Gaming Tales From Taiwan

Have you ever wondered what you would do without video games? Have you ever considered what it would be like to not have your own games console? Last month I wrote about the Indonesian video games industry and concluded that it is unlike anything in Europe or USA, and I can safely say that the same applies to Taiwan. Taiwan is a country full of juxtaposition. The most cutting edge technology is in abundance yet you can't drink the tap water. You can eat a huge cheesy pizza for a pittance but milk will cost you a small fortune. Added to this are the ideas of online social gaming and the lifeless banks of occupied computers found in Taipei's many Internet cafes. Although it is not uncommon for people to own computers in Taipei, almost every Internet cafe in the country is full of gamers tapping away at keyboards and guzzling soft drinks. World of Warcraft is number one here and the console market is similar to the West, with the Wii and 360 possessing a slightly larger market share than the PS3. However, console gaming is on a much smaller scale than in the US or UK. There are a number of console games shops scattered around Taiwan's cities but as I have already stated, the focus really is on online PC gaming.


My first impression of the Taiwan gaming scene was similar to what Lucas DeWoody discussed in his April editorial 'The Death and Rebirth of Social Gaming'. That is to say that I gathered that local multiplayer is almost non-existent. Although people are occupied in 'social gaming' with a cigarette and a Fanta at 1:30am, it just doesn't seem quite as social as a crate of beer, four N64 controllers and a copy of GoldenEye at 4:00 in the morning. Okay, so it's not actually that cool a thing to do in the real world, but as far as gaming goes it can be an absolute social joy. What's the point in advancing technologies like headsets and MMORPGs if we're only going to shout abuse over the Internet? We all know trash-talking an opponent is far better if they are in the same room. So my initial reaction to the Taiwan videogame sector was a rather sorry one.

Alas, after frequenting the Internet cafes on a more regular basis I began to notice behavior that would suggest there was more to this online gaming idea after all. Groups of teenagers huddled around individual monitors all helping and joking with the person playing. In another corner, two middle-aged men discussing the best tactics to approach the next dungeon (actually, I have no idea what they were discussing – it was in Chinese, but it looked something like that). By the entrance there were a trio of boys laughing at the death of a girl (well, the death of her WoW character). As you can tell, all of these occurrences were of a social nature. Once I'd noticed this, I seemed to find it everywhere. What at first I had thought was a series of lonely nerds escaping the popular kids turned out to be just regular people, coming together to tease, mock, compare, laugh and to generally enjoy gaming as a social activity. The Internet cafes act as the modern day equivalent of videogame arcades.

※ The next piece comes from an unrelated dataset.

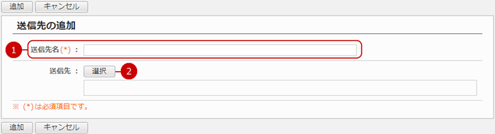 送信先設定一覧画面の[送信先の追加]ボタンを押すと、送信先の追加画面が表示されます。

I'm still with Lucas in regard to the Western markets. There's no way playing Call of Duty 4 alone in a dimly-lit room until the wee hours with your online 'friends' is anywhere near as social (or as fun) as playing winner stays on in your best mate's bedroom on his new copy of Street Fighter II. But when we consider the gaming infrastructure in Taiwan and we dig a little deeper to find more than first meets the eye, the Taiwanese like to do exactly what Lucas complains we just don't do enough of anymore: helping or humiliating our friends and loved ones to their face, from the comfort of the same room.